Se non fosse che proprio a quel Tour de France 2008 Riccò fu trovato positivo al CERA, l’EPO di terza generazione, un doping dotato (all’insaputa sua e di altri ciclisti) di un marcatore in grado di farlo rintracciare ai controlli.
Da lì carcere, squalifica di due anni, ritorno alle corse da negletto (in una squadra che, a causa della sua presenza, non è stata invitata al Giro d’Italia), una difficile risalita, il ritorno nel World Tour con la Vacansoleil, una sacca di sangue per autoemotrasfusione conservata male, un ricovero d’emergenza e l’inevitabile nuova squalifica per doping, stavolta per 12 anni, a scrivere la parola “fine” su una carriera che avrebbe potuto essere scintillante e invece non è mai decollata: oggi Riccardo Riccò fa il gelataio a Vignola con la sua compagna Melissa e al ciclismo non pensa più.
La storia di Riccò, che qui ho riassunto per sommi capi, la ricordiamo tutti, più o meno: per chi la vuole ripassare, il libro – che materialmente è stato scritto dal giornalista Dario Ricci – è un ricco, buono e gradevole riassunto.

La sensazione generale che ho avuto, però, è che in questo libro manchi qualcosa, ma che ci sia anche qualcosa di troppo.
Mancano alcune spiegazioni.
Se è chiaro che con alcuni colleghi corridori non è mai corso buon sangue, non si arriva mai davvero del tutto a capire perché si sia creato tutto quell’astio che emerge in diversi passaggi del libro.

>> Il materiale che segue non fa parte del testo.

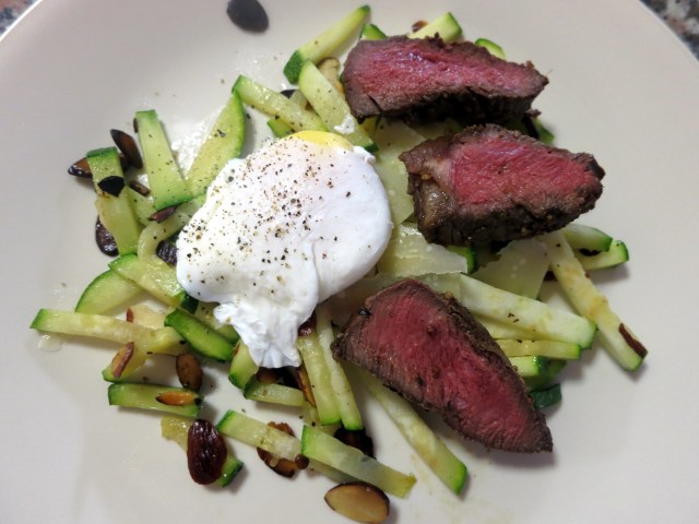 If you have leftovers, I suggest you make a version of the classic Steak and Eggs by throwing a poached egg on the bed of Zucchini and Almonds surrounded by slices of the filet mignon.
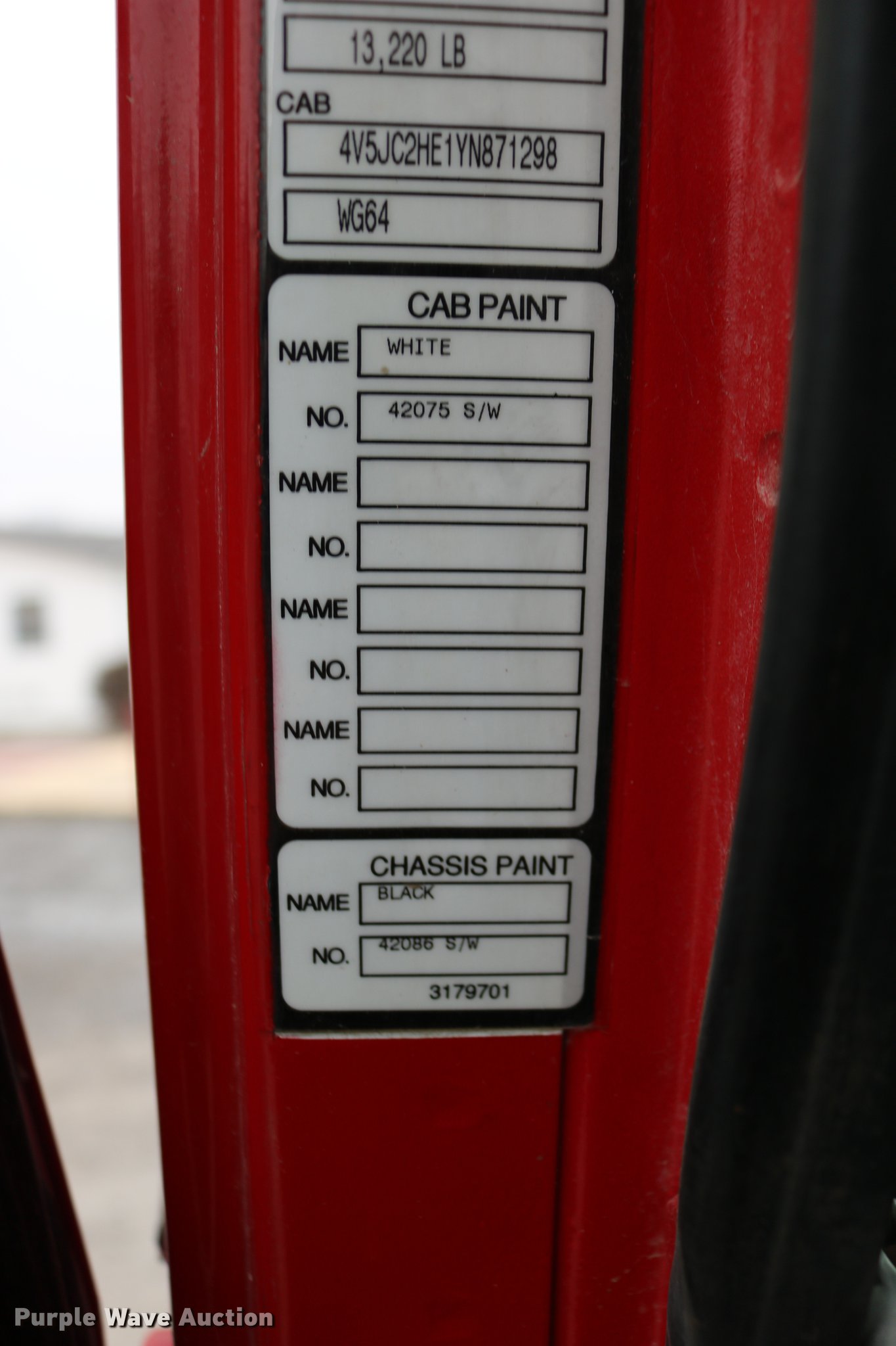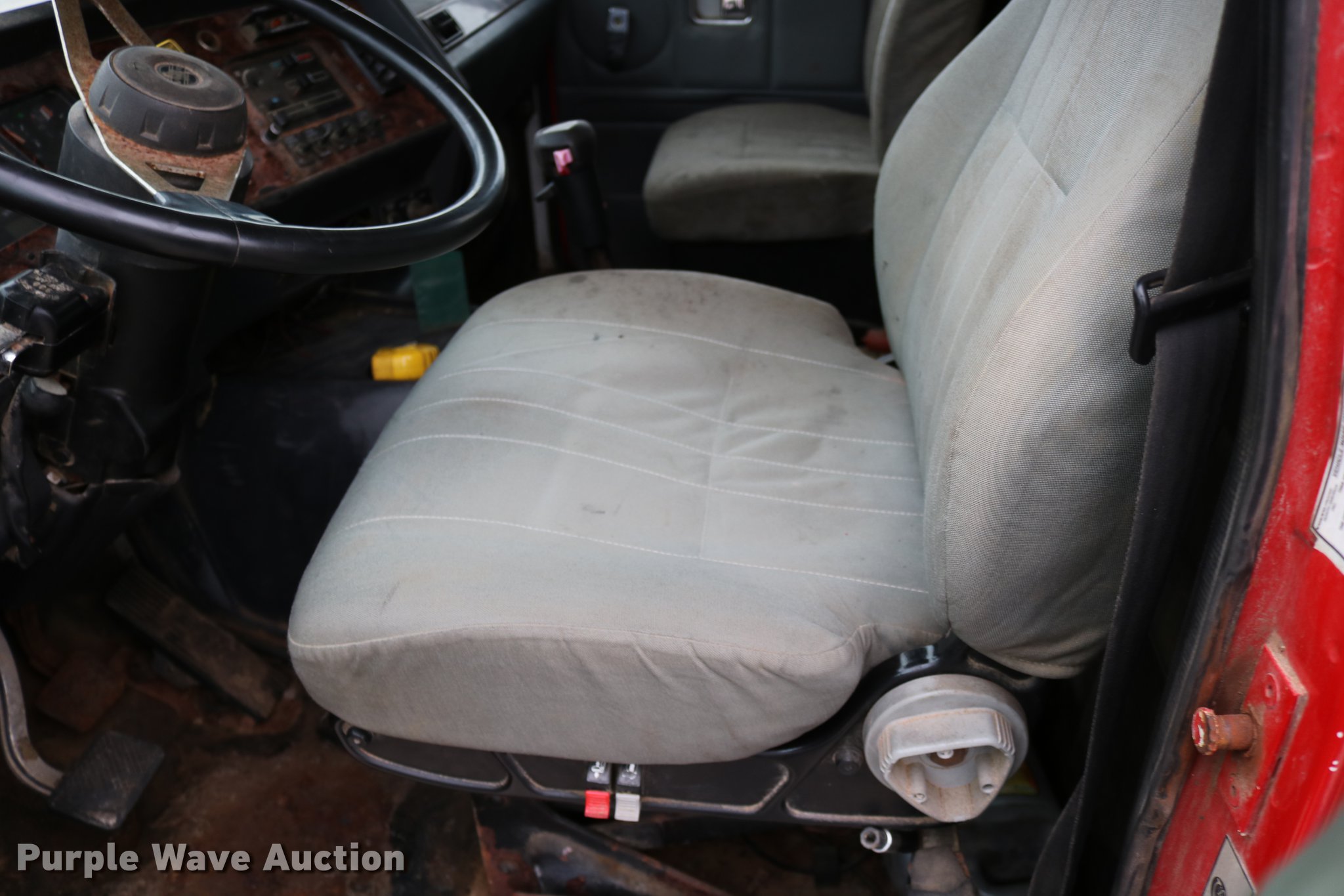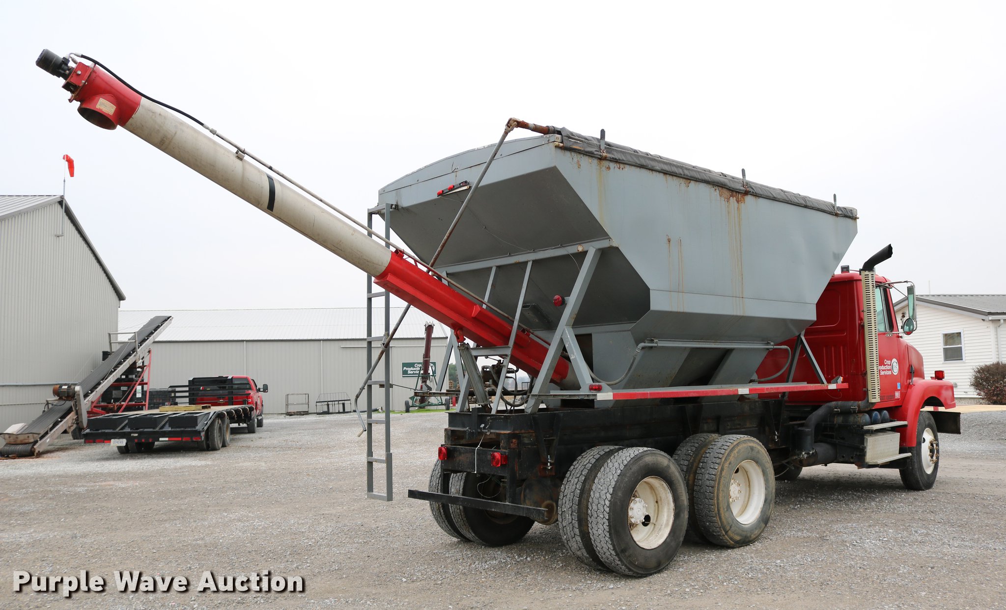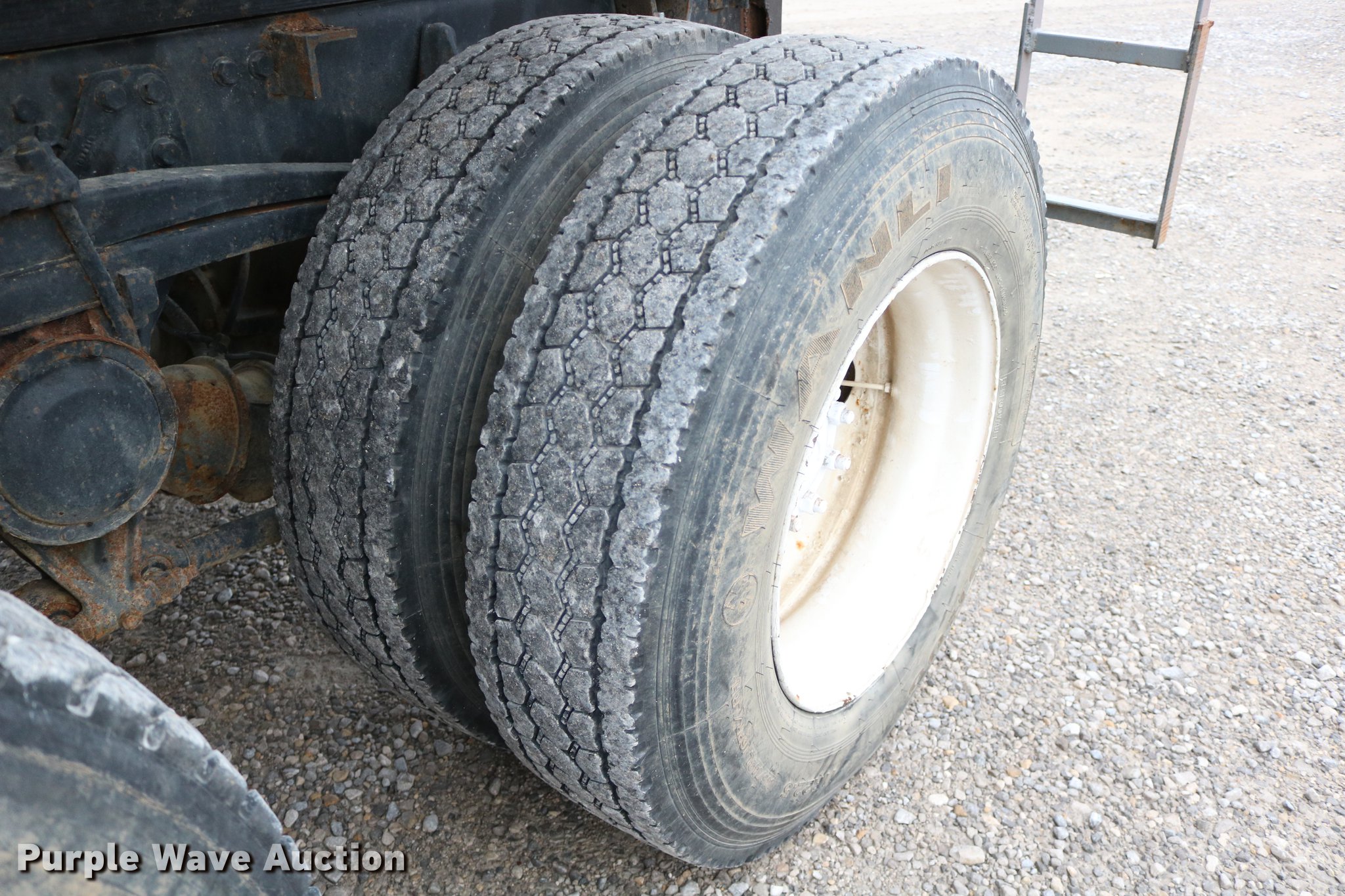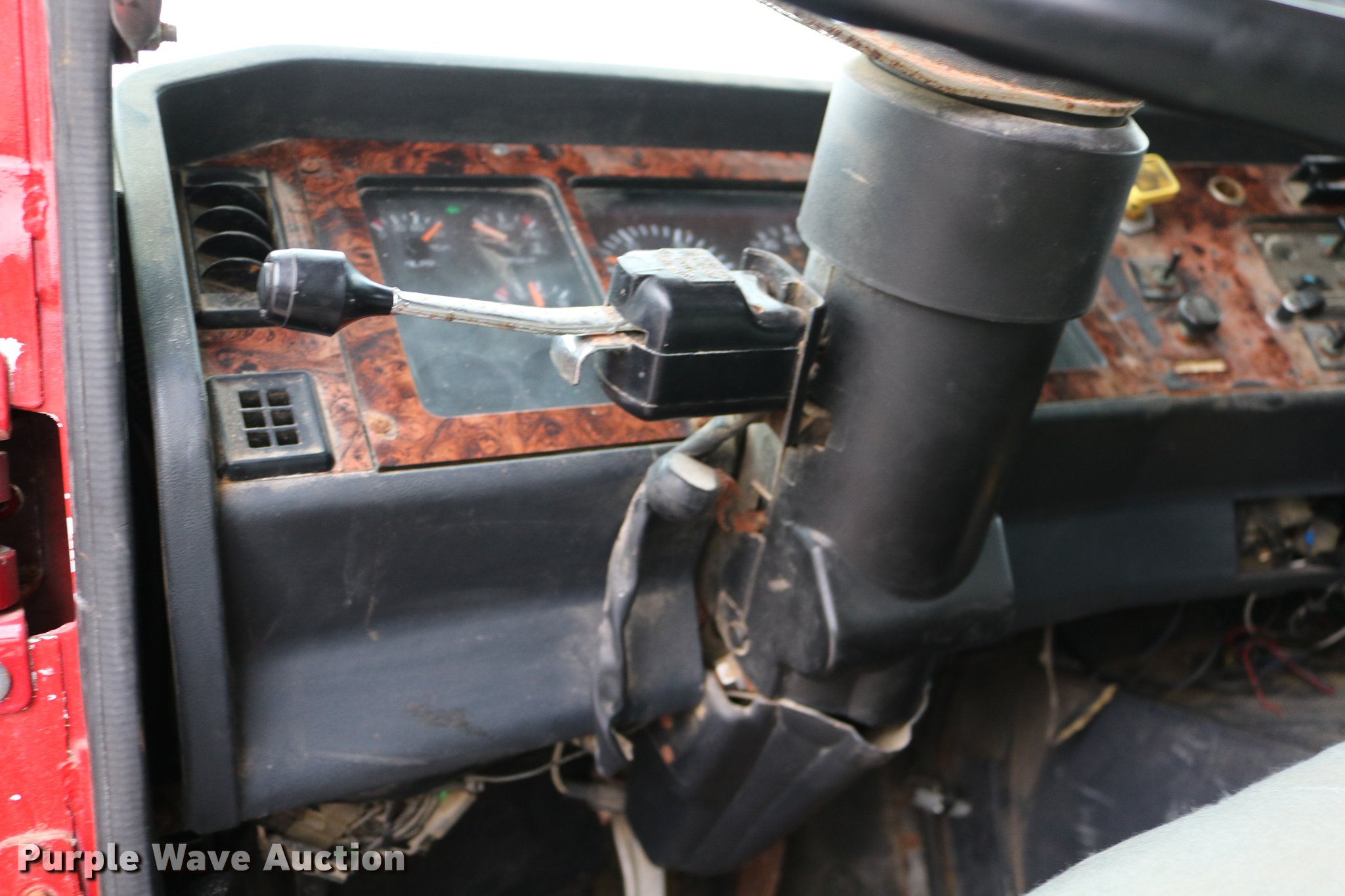 Purple Wave is selling a used Fertilizer or Feed Delivery Truck in Kentucky. This item is a 2000 Volvo WG fertilizer truck with the following: 168,345 miles on odometer, 1,701 hours on meter, Volvo VE D7 6.7L L6 turbo diesel engine, 700 HP, Eaton Fuller RTP-11908LL 10 speed manual transmission, Inter-axle differential lock, Tandem axle, AC and heat, Tilt, Air suspension seat, Block heater, 15'10"L x 95.5"W fertilizer bed, 19.5'L x 8" diameter discharge auger, Rear hydraulic lift, Roll over tarp, Rear/ground controls, 4:88 gear ratio, 196" wheelbase, Spring over walking beam suspension, 11R22.5 tires, GVWR 55,000 lbs, FAWR 13,220 lbs, Windshield cracked, Non-operational AC, No belt on AC compressor, No AC and heat fan switch, Unit# 78010/17254

Davvero ce l’hai con Contador solo perché ha vinto il Giro d’Italia dicendo di non averlo preparato? Porta alle estreme conseguenze le tue insinuazioni e metti su carta la teoria per cui la sentenza (relativa al caso del doping al clenbuterolo che travolse lo spagnolo) fosse stata già scritta e fosse a conoscenza sia del diretto interessato che degli organizzatori del Giro, anziché lasciarla solamente intendere.
E poi, con Bettini, tutta quell’acrimonia (da parte del Grillo) per non aver accettato un accordo in corsa?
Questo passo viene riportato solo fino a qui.